Session Based Coverage
Session based coverage is based in the practice of session-based test management. Session-based test management is a method for measuring and managing exploratory testing, and was developed at Satisfice Inc. The Satisfice website contains all sorts of material on the topic, and if you poke around enough you’ll find a section on session metrics.
In their session-based test management toolkit, they provide a method of reporting how test sessions map to coverage areas in the application. In session-based exploratory testing, a tester works in sessions (lasting a predefined length of time) that focus on particular area of the application they are testing (or on a particular type of testing). A coverage report based on sessions covered would then be an indication of test coverage from a tester's perspective, “What did I test today?”
Planned vs. Executed
This metric is the ratio of test cases (or scripts depending on terminology) planned versus the number executed for a given period. That is, if I planned 100 test cases, and I executed 87 test cases, I have an 87% test execution. Used in conjunction with the other metrics listed, this one can often be useful in adding context to what the others mean.
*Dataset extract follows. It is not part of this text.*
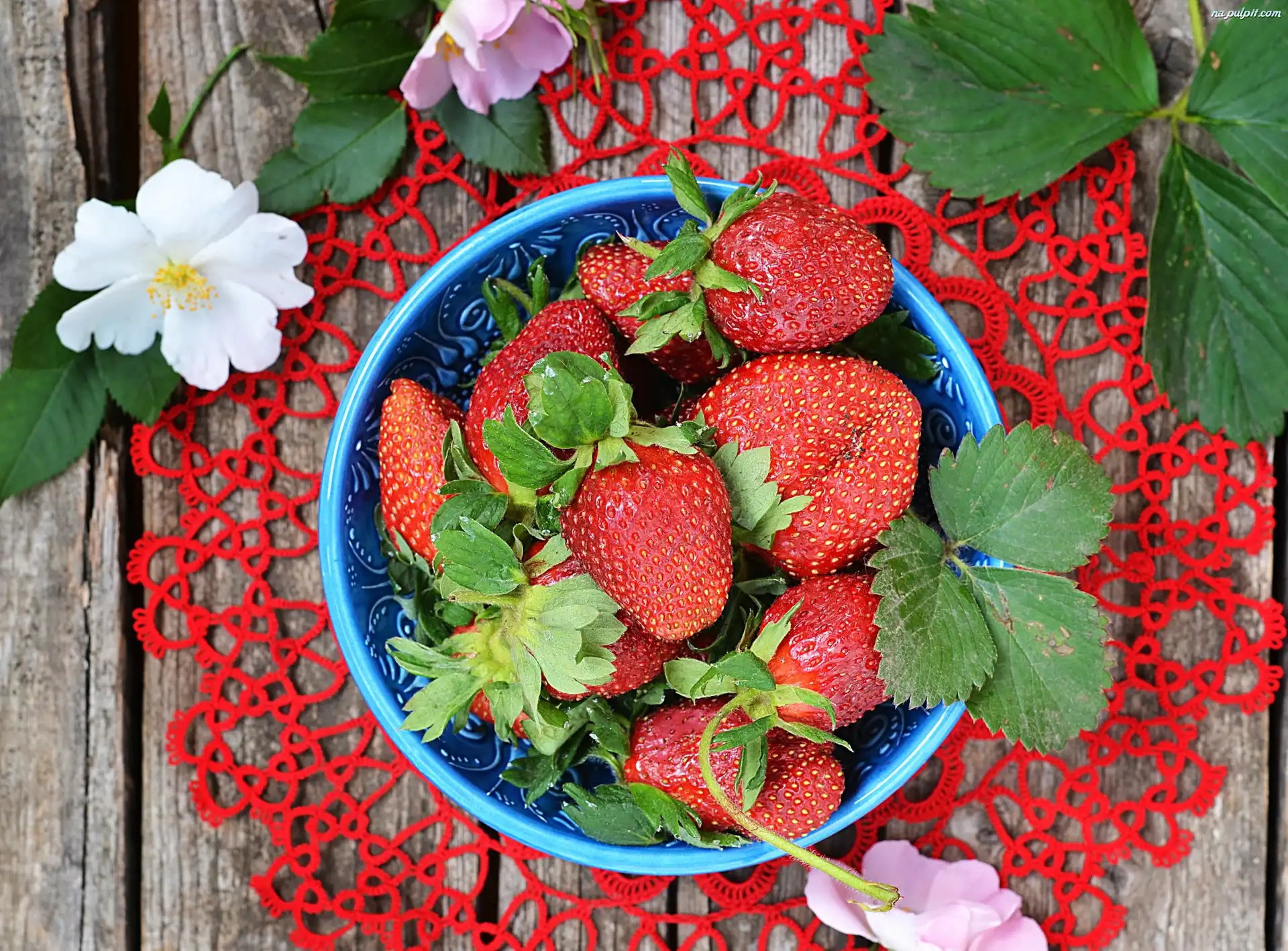 Liście, Deska, Kwiaty, Miska, Truskawki, Serwetka Na Pulpit

This metric can also be useful in determining how much more testing you have to execute in terms of planned test cases (assuming you have an estimate of how long it takes to execute each remaining test case). If I have executed 50% of my testing and most of my test cases take the same amount of time to execute, all other things being equal, it should take me roughly the same amount of time to execute the remaining 50%. As a warning, all other things are rarely equal.
Pass vs. Fail
Much like execution coverage, pass/fail rates are fairly intuitive. Again, this metric is useful to add context to the other metrics. On its own it’s not very useful, but add it to defect metrics, execution metrics, or some of the other metrics and you might have a nice indicator for project health.
Defect Submission Rate, Density, Aging, Verification Rate, and Trending
These metrics focus on bugs. In general, I advocate these the most, simply because they tend to get people looking at bugs instead of metrics. Most defect-tracking tools provide automated methods of gathering all of these metrics.
Submission rates and verification rates should be self-explanatory. Defect density looks at the number of defects as a function of one or two defect attributes (such as distribution over functional area or quality risk compared to status or severity). Defect trends look at defect counts shown as a function over time. And defect aging reports are a special defect density report in which the defect counts are shown as a function of the length of time a defect remained in a given status (open, new, waiting-for-verification, etc.).
Don’t Lose Focus
Remember the project manager that sent us down this path? He sent us down this path because this is the information he wants when we execute our testing. As you look at these metrics (and bug advocacy – a critical part of test execution) think about how you can serve the project members who are using the testing services, but don’t forget about you. Make sure you think about what information is meaningful to you and gather that information as well. You have your own test project (and possibly test group) to run, and you might be interested in different information.
Finally, I would encourage you (if you have not done so already) to talk to your project manager and ask him what he is looking for from you in terms of advocacy and metrics. You might also check with any development managers or other stakeholders who might need to use your information. A quick question or two can save tons of work (or re-work) to prevent you from gathering the wrong information or no information at all.